Redeploy (`POST /api/deployments`, `X-Api-Key: docker-dev-deploy-key`). DB/redeploy, **not a
code change** — done last so the rig stays available for verifying tasks 13/6.
## 5 — Galaxy reconnect recreate (high-risk)
### Problem (verified)
`GalaxyMxSession.ConnectAsync` (`Driver.Galaxy/Runtime/GalaxyMxSession.cs:58-69`) is
idempotent: `if (_session is not null) return;`. When the gateway restarts and the session
goes Faulted/NotFound, `_session` is still a non-null (dead) handle, so `ConnectAsync` is a
silent no-op. `GalaxyDriver.ReopenAsync` (`GalaxyDriver.cs:289`) calls it expecting a
reconnect → no-op; `ReconnectSupervisor.RecoveryLoopAsync`
(`Driver.Galaxy/Runtime/ReconnectSupervisor.cs:158-186`) sees reopen "succeed", proceeds to
replay (which fails on the dead session), and **loops forever** (backoff capped 30s).
### Decision — recreate on reopen
Add a recreate path to `GalaxyMxSession` (e.g. `RecreateAsync`/`DisposeSessionForRecreationAsync`)
that disposes + nulls `_session` and `_ownedClient`, and have `ReopenAsync` call it **before**
`ConnectAsync` so a reopen always routes through the happy-path create (`OpenSessionAsync` +
`RegisterAsync`). Confirm what status/exception marks Faulted/NotFound and that the dispose is
safe (gRPC channel teardown). Keep the supervisor's backoff loop; it now actually recovers.
### Tests
A reconnect test asserting that after a faulted session, the reopen path **creates a new
session** (new handle / `OpenSessionAsync` called again) rather than no-op'ing. Mirror any
existing `ReconnectSupervisor`/session tests.
## 6 — Live-pill circuit health (standard)
### Problem (verified)
`ScriptLog.razor:122` and `Alerts.razor:132` set `_connected = true` once in
`OnInitialized` and never update it; the pill markup binds to that set-once bool.
`IInProcessBroadcaster<T>` (`AdminUI/Hubs/IInProcessBroadcaster.cs`) exposes only
`Received` + `Publish` — no health signal.
### Decision
- Extend `IInProcessBroadcaster<T>` with a connection-health signal (`bool IsConnected` +
`event … ConnectionStateChanged`). The bridge actors (`ScriptLogSignalRBridge` /
`AlertSignalRBridge`) set it from their DPS-subscription health (SubscribeAck up / failure
down).

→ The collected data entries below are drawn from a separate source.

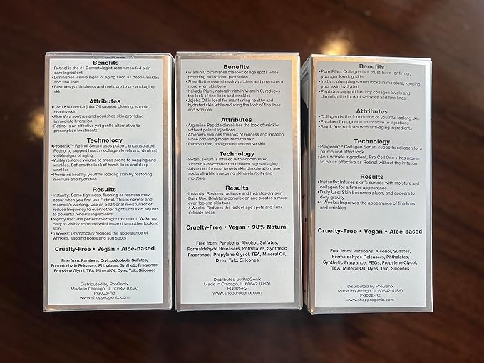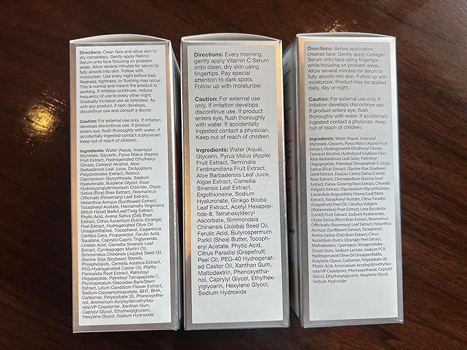 Professional Skin Care Set. Anti-aging Serum Set Contains Collagen Serum, Retinol Serum, Vitamin C Serum. Helps W/Appearance Of Wrinkles, Plump Skin, & Brighten Skin, 1 Fl Oz (3-Pack)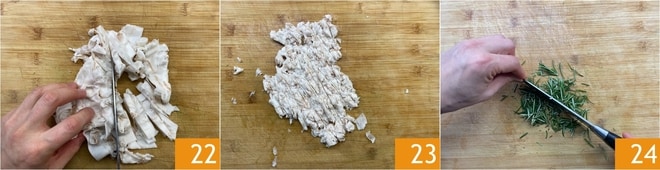 To prepare the cunza, cut the lard with a knife 22 trying to achieve a homogeneous consistency 23. Finely chop the rosemary needles as well 24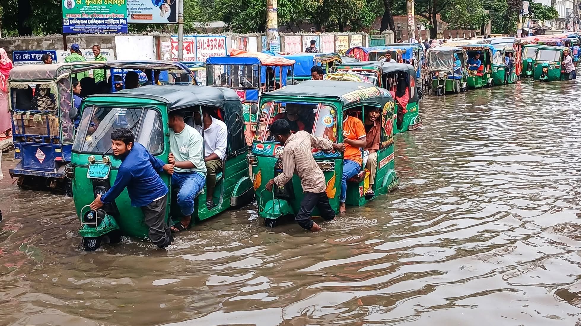 সরেজমিনে দেখা যায়, পানির মধ্যে এক হাতে কাপড় আঁকড়ে অন্য হাতে শিশু কোলে নিয়ে চলছেন এক মা। কোথাও ইঞ্জিন বিকল হয়ে পড়া গাড়ি ঠেলে নিয়ে যাচ্ছেন চালক, আবার কোথাও উঁচু স্থানে দাঁড়িয়ে যাত্রীরা অপেক্ষা করছেন যানবাহনের আশায়। যানবাহন না পেয়ে এক বাবা নবজাতক শিশুকে কোলে নিয়ে ময়লা ড্রেনের পানি ঠেলে হাঁটছেন, তার পেছনে সিজারিয়ান অপারেশন করা মা কষ্টে পথ পাড়ি দিচ্ছেন। ভেজা পোশাকে বাসায় ফিরতে দেখা গেছে স্কুল-কলেজের শিক্ষার্থীদের।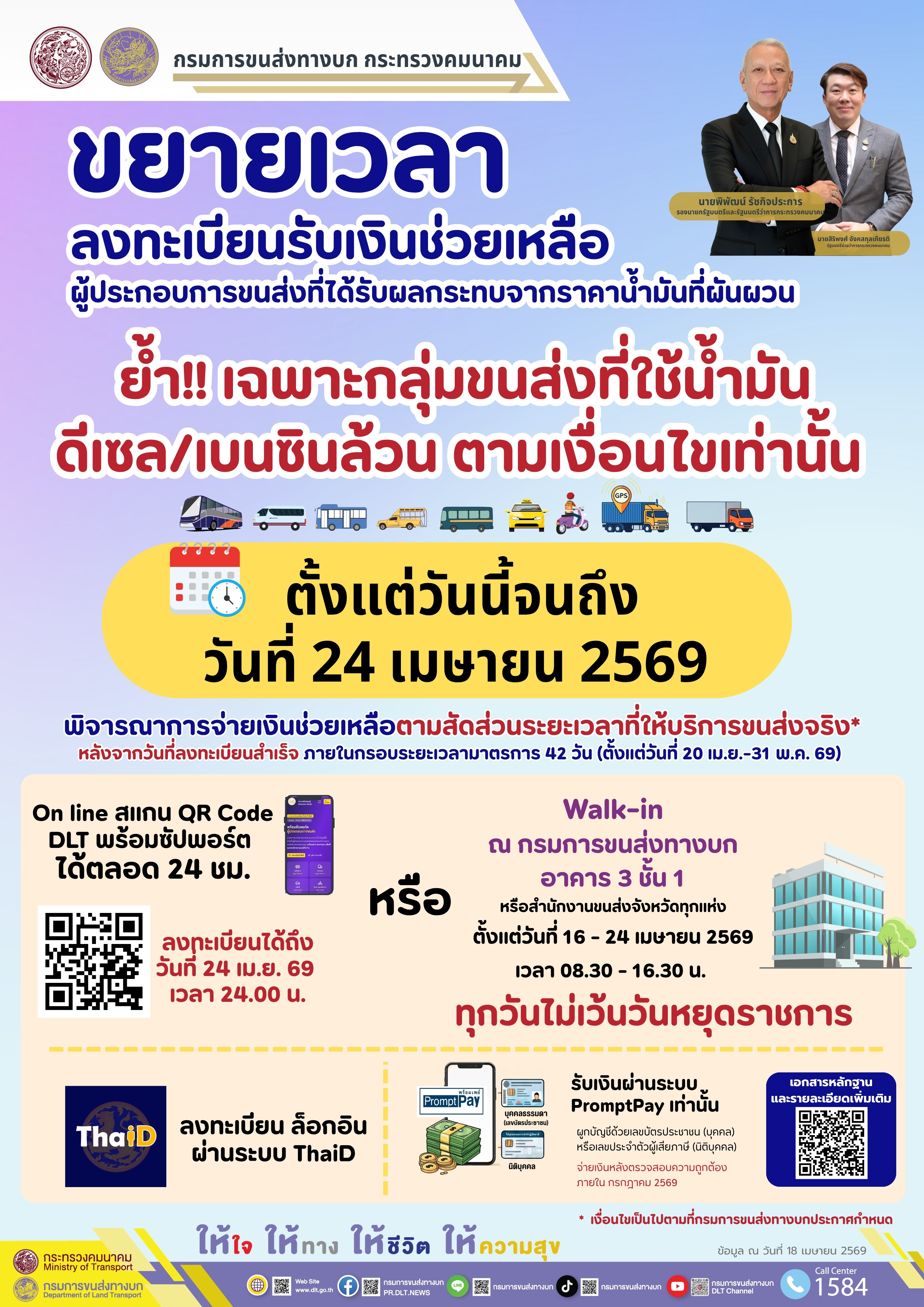 กระทรวงคมนาคม กรมการขนส่งทางบก ขยายเวลาลงทะเบียนรับเงินช่วยเหลือ “กลุ่มขนส่งที่ใช้น้ำมันดีเซลหรือเบนซินล้วน” อุ้มผู้ประกอบการขนส่ง-ลดภาระค่าครองชีพประชาชน รับมือวิกฤตน้ำมัน โดยสามารถลงทะเบียนผ่านระบบ “DLT พร้อมซัปพอร์ต” ตั้งแต่วันนี้ถึงวันที่ 24 เม.ย. 69 (ไม่เว้นวันหยุดราชการ)

The razors bind the pill to it and subscribe/unsubscribe like
`DriverStatusPanel.razor` (`OnConnectionStateChanged``InvokeAsync(StateHasChanged)`).
- **Dead-circuit case** (node recreate kills the server-side circuit — the component is dead
and cannot self-update its pill): this is Blazor Server's built-in reconnection concern.
**Verify the default reconnect overlay is present/visible** (it is what actually signals a
dropped circuit) rather than trying to fake liveness from a dead component. If absent, add
the standard Blazor reconnect UI.
### Tests
Broadcaster unit test for the new health signal + `SetConnected` propagation. Razor proven by
docker-dev live-verify (no bUnit).
---
## Sequencing & risk
| Item | Risk | Notes |
|---|---|---|
| 1 redundancy double-emit (A1 emit gate, A2 historian gate) | high-risk | independent subsystem; A1∥A2 (different files) |
| 5 Galaxy reconnect | high-risk | independent subsystem (Galaxy driver) |
| 2 Timed-shelve picker | small | razor-only, live-verify |
| 3a chip auto-clear / 3b CorrelationId | small | razor / mechanical refactor |
| 6 live-pill | standard | interface + bridge + 2 razors |
| 4 rig cleanup | trivial/operational | last |
The two high-risk items (1, 5) are in different subsystems and can run in parallel with each
other and with the UI items (2, 3, 6). Rig cleanup (4) is last. TDD where there's logic; UI
proven by docker-dev `/run` live-verify (agent drives — login disabled on docker-dev).
## Hard rules
Stage by explicit path (never `git add .`); never stage `sql_login.txt` /
`src/Server/.../Host/pki/`; never echo the gateway API key into a **new** tracked file; no
force-push, no `--no-verify`; **no Configuration entity / EF migration change** (none of these
items needs one). Build on a feature branch off `master`.